Can two people reason differently? Even when given the exact same premises? I mean ... can using reason EVER lead us to more than one conclusion?
Accepted:
September 15, 2009

Comments

Peter Smith
September 16, 2009 (changed September 16, 2009) Permalink

Well, yes of course, two incompetent reasoners could reach different conclusions by making different mistakes! So I take it the question is: could two people reason correctly to different conclusions from the same premisses?

But again the answer to that is, trivially, "yes". A given bunch of premisses will entail lots of conclusions (e.g. the axioms of Euclidean geometry entail both that the angles of a triangle add up to two right angles, and that the tangent at the point on a circle is at a right angle to the diameter through that point). One reasoner can correctly deduce one conclusion; another reasoner can correctly deduce a different conclusion.

Still, in that case, the different conclusions are all consistent with each other. So perhaps the question is supposed to be: can two two people reason correctly from the same premisses to conclusions that are "different" in the strong sense of being actually incompatible with each other?

Again, the answer to that is obviously "yes". For suppose the premisses are themselves inconsistent. Then we can hope to show this by a "reductio ad absurdum" argument -- which is in effect a pair of arguments, one of which correctly shows that the premisses entail some conclusion P, the other of which correctly shows that the same premisses entail the opposite conclusion not-P, from which we infer (since P and not-P can't be true together) that the premisses can't all be true together.

Another shot. Perhaps the question is supposed to be: given the same consistent set of premisses, can people correctly reason to a pair of conclusions which are inconsistent with each other? To which the answer is plainly "no" -- at least if it is deductive reasoning that is in question. For if they logically entail a pair of inconsistent conclusions then the premisses can't be consistent after all.
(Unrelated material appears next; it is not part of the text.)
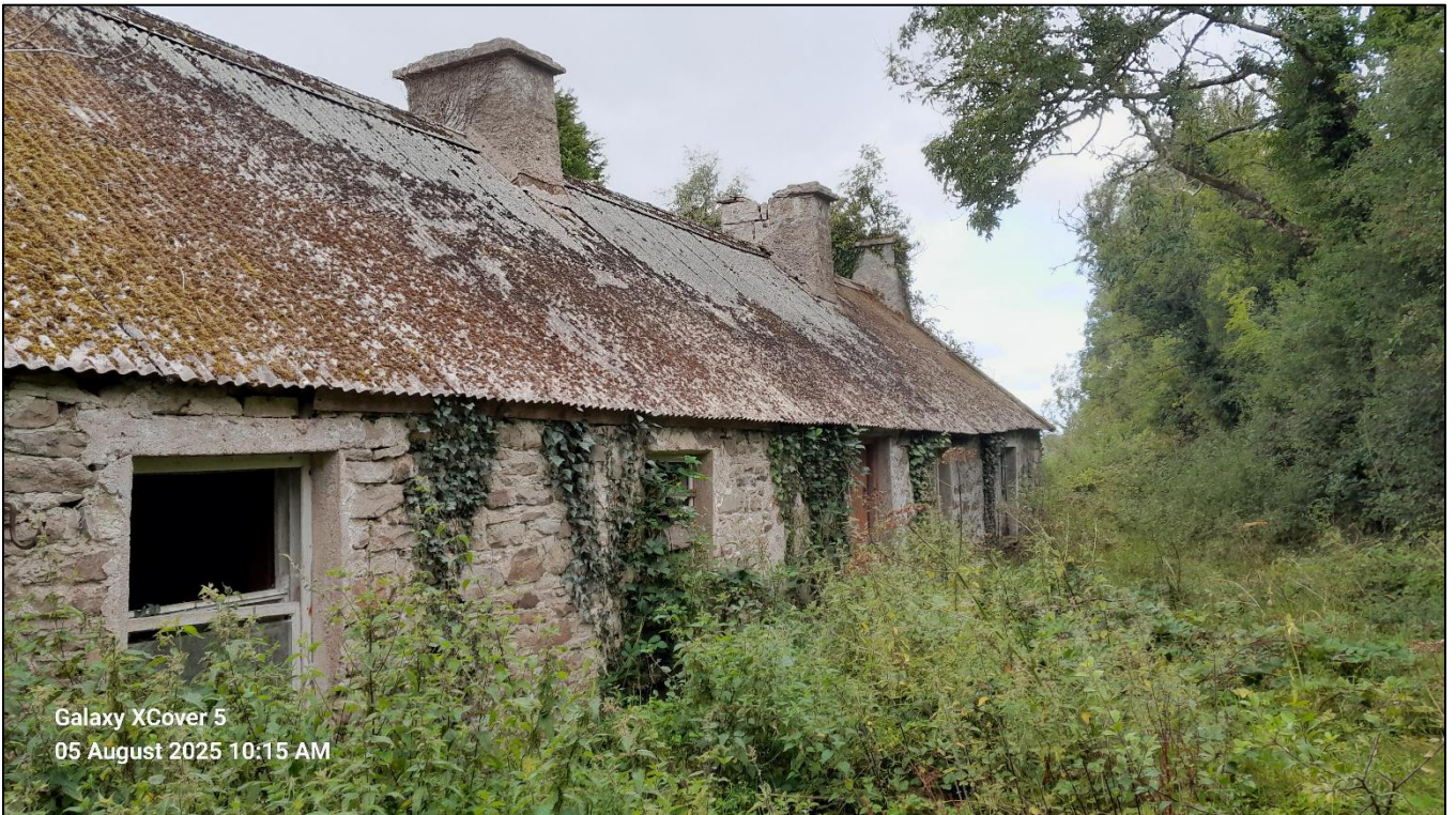
Fig. 2 – Image of rear of subject dwelling

Perhaps though the question was not about strict deductive reasoning but about issues of inductive support: could people inductively reason from the same premisses to different conclusions? Well sure, the same consistent data-set can lend an equal degree of (non-conclusive) inductive support to two different hypotheses. But that still shouldn't lead to a case of "reasoning differently" in any very interesting sense -- for proponents of each hypothesis should both, if reasoning correctly from the same starting point, recognize that the hypotheses are so far equally well supported, so other things being equal it would be wrong at this point to endorse one conclusion as against the other.